The cellular origin of glioblastoma is unknown. Because of the similarities in immunostaining of glial cells and glioblastoma, gliomas such as glioblastoma have long been assumed to originate from glial-type cells. More recent studies suggest that astrocytes, oligodendrocyte progenitor cells, and neural stem cells could all serve as the cell of origin.

Medical and Genetic Scientists associated with Washington University in St. Louis (St. Louis, MO, USA) used whole-genome sequencing, exome sequencing, RNA sequencing, microRNA-seq, single-nuclei RNA-seq, array-based methylation profiling, mass spectrometry, and other approaches to assess genomic, metabolomic, proteomic, and post-translational modification patterns in 99 untreated GBM tumors and 10 normal, non-matched brain samples.

The findings, pointed to four GBM immune subtypes for the nervous system cancer, including an immune subtype enriched for tumors with IDH mutations. The team identified key phosphorylation events (e.g., phosphorylated PTPN11 and PLCG1) as potential switches mediating oncogenic pathway activation, as well as potential targets for EGFR-, TP53-, and RB1-altered tumors. Immune subtypes with distinct immune cell types were discovered using bulk omics methodologies, validated by snRNA-seq, and correlated with specific expression and histone acetylation patterns. Histone H2B acetylation in classical-like and immune-low GBM is driven largely by bromodomains (BRDs), CREB binding protein (CREBBP), and Histone acetyltransferase p300 (EP300). Integrated metabolomic and proteomic data identified specific lipid distributions across subtypes and distinct global metabolic changes in IDH-mutated tumors.
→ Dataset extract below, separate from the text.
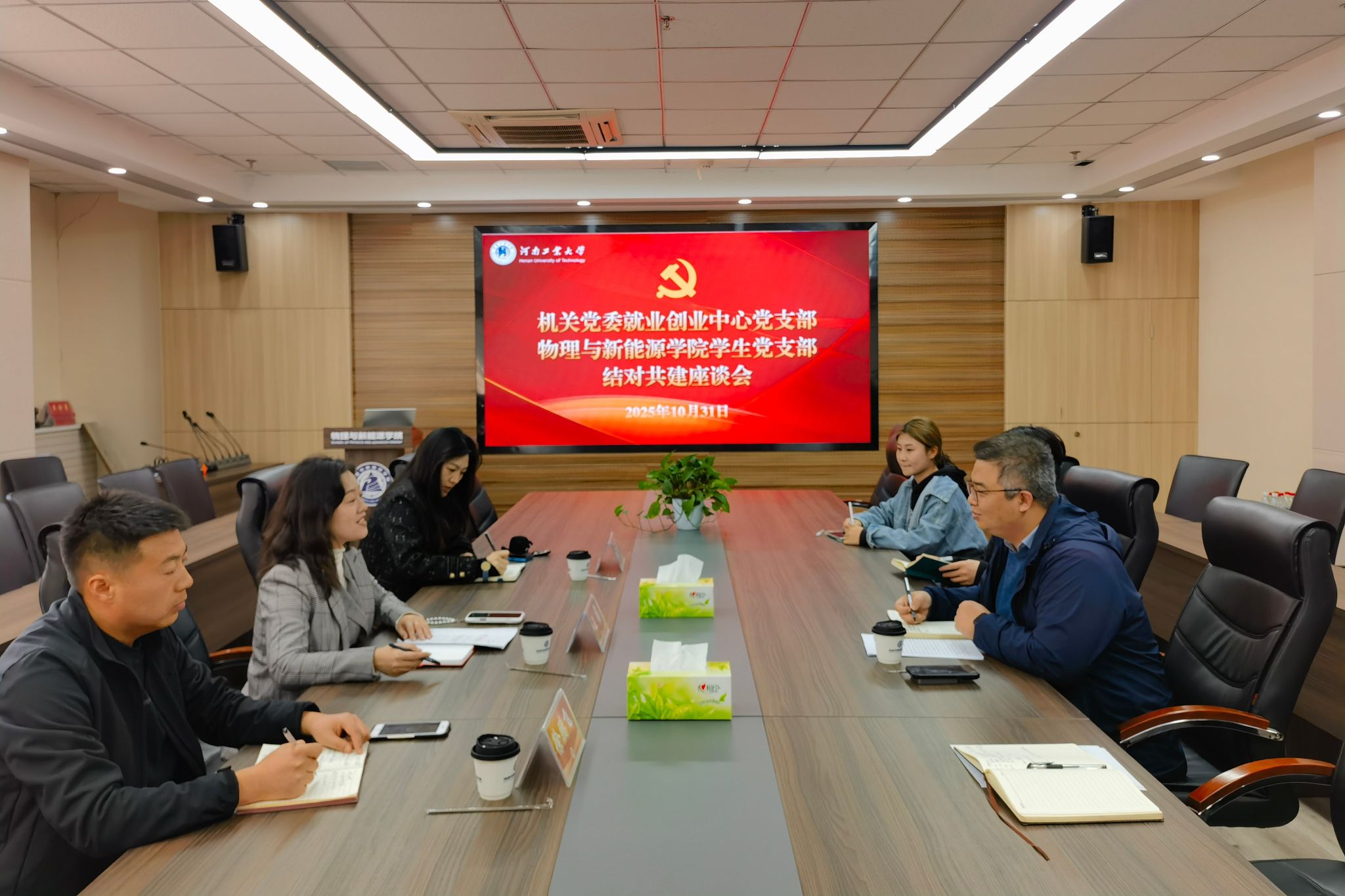 10月31日,机关党委就业创业中心党支部与物理与新能源学院党委学生党支部在惟德楼307会议室召开结对共建座谈会,进一步贯彻落实校党委《关于开展“双融双促”机关党支部与学院党支部结对共建行动的通知》要求。就业创业中心副主任王萌、创业指导科科长徐鹏飞、市场信息科科长石丹丹,物理与新能源学院师生党员代表参加会议,座谈会由物理与新能源学院党委副书记张宾主持。

One of the immune subgroups was marked by a dearth of T cells and high levels of infiltrating macrophage immune cells, for example, while another immune subtype was enriched for T lymphocyte and natural killer cell levels and IDH mutations, but was poor in macrophage-microglia immune cell infiltration. Yet another immune subtype had middling macrophage levels, the team noted, and a fourth immune subtype lacked significant levels of immune cells in general.

The authors concluded that rapid advancement of single-cell genomics and proteomics technologies will facilitate deeper analyses of GBM heterogeneity and tumor microenvironment interactions. They hope these advances will improve patient stratification for clinical trials and lead, ultimately, to personalized treatments. The study was published on February 11, 2021 in the journal Cancer Cell.